Sonnet 19 (Sonnet XIX)
When I consider how my light is spent
John Milton
When I consider how my light is spent,
Ere half my days, in this dark world and wide,
And that one talent which is death to hide
Lodged with me useless, though my soul more bent
To serve therewith my Maker, and present
My true account, lest He returning chide,
"Doth God exact day-labour, light denied?"
I fondly ask; But patience, to prevent
That murmur, soon replies "God doth not need
Either man's work or his own gifts. Who best
Bear His mild yoke, they serve Him best.

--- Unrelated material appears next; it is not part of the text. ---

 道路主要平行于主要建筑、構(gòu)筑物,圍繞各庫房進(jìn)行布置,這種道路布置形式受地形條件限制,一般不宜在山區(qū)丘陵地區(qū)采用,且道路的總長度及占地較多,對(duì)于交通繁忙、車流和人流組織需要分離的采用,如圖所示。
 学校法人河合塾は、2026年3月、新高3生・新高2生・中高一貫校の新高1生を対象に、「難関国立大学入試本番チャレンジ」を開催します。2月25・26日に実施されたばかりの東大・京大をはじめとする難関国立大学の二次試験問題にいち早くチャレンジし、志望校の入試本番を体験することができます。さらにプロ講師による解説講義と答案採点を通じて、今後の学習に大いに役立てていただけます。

His state
Is kingly: thousands at His bidding speed
And post o'er land and ocean without rest;
They also serve who only stand and wait."
Note
Many people refer to this poem as 'When I consider how my life is spent' however when Milton wrote this poem he was referring to his
rapidly failing eyesight
Yes. Also called 'On his Blindness'
This an example of the Petrarchan or Italian sonnet. Iambic pentameter again but with a rhyme scheme Abba,abba,cdecde. Italian has so many more rhyming words than English that the rhyme scheme was changed for English sonnets. This is an example of one kind of Petrarchan sonnet.. There are other rhyme schemes that can be used for the six line part but the first, 8 line part is always abbaabba.
Check Milton;On the Late Massacre in Peidmont.

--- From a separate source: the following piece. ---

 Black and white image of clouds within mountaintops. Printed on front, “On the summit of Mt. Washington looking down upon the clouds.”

I noticed the change in rhyming scheme. I figured that you would explain it when we were ready to hear it. Thanks.
Sir, I get this one. I even know about the Babylonians, cuz they were in my thesis.
Sonnet XVIII: On the Late Massacre in Piemont
1Avenge, O Lord, thy slaughter'd saints, whose bones
2 Lie scatter'd on the Alpine mountains cold,
3 Ev'n them who kept thy truth so pure of old,
4 When all our fathers worshipp'd stocks and stones;
5Forget not: in thy book record their groans
6 Who were thy sheep and in their ancient fold
7 Slain by the bloody Piemontese that roll'd
8 Mother with infant down the rocks. Their moans
9The vales redoubl'd to the hills, and they
10 To Heav'n. Their martyr'd blood and ashes sow
11 O'er all th' Italian fields where still doth sway
12The triple tyrant; that from these may grow
13 A hundred-fold, who having learnt thy way
14Early may fly the Babylonian woe.
Notes
1] The Waldensians or Vaudois were Protestants who had long lived in the territories of the Roman Catholic rulers of Piedmont, and were thought of by Protestants of Milton's day as having preserved a simple scriptural faith from earlier times. Confined by treaty to certain mountain valleys, they had gradually intruded into the plain of Piedmont. Ordered to retire, they had been pursued into the mountains and there massacred by the Piedmontese soldiery in April 1655. In documents penned by Milton as Latin secretary, Cromwell strongly protested against such treachery and cruelty. Later in the year, possibly after Morland returned with his report (see below, 7-8 note), Milton wrote his sonnet, first published in Poems, 1673.
3-4] This suggests Milton's acceptance of the idea of pure, unidolatrous worship preserved by the Vaudois from primitive times (see above, introductory note).
5] thy book refers to the books to be consulted at the Judgment (Revelation 20:12).
7-8] The incident is narrated, with an accompanying plate, in the History of the Evangelical Churches in the Valleys of Piedmont (1658), by Sir Samuel Morland, Cromwell's emissary, who may well have given Milton the details on his return.
9] redoubled: re-echoed.
10-14] The reader is expected to remember Tertullian's famous phrase, "The blood of the martyrs is the seed of the Church" and the parable of the sower (Matthew 13:3-9) where the seed that fell on good ground brought forth as much as a hundredfold. Such was to be the blood of these martyrs sown where the Pope (triple tyrant in his mitre with its three crowns) still rules: It was to make converts who, having learned God's truth, would renounce the idolatry of Rome (figured, as Protestants believed, by the Babylon of Revelation 16:19, etc.) and thus escape the woe of God's punishment upon it.
Online text copyright © 2005, Ian Lancashire for the Department of English, University of Toronto.
Published by the Web Development Group, Information Technology Services, University of Toronto Libraries.
Note that in this second example of the Petrarchan sonnet, Milton has changed the rhyme scheme of the second, six line stanza. Now it is CD CD CD instead of cdecde.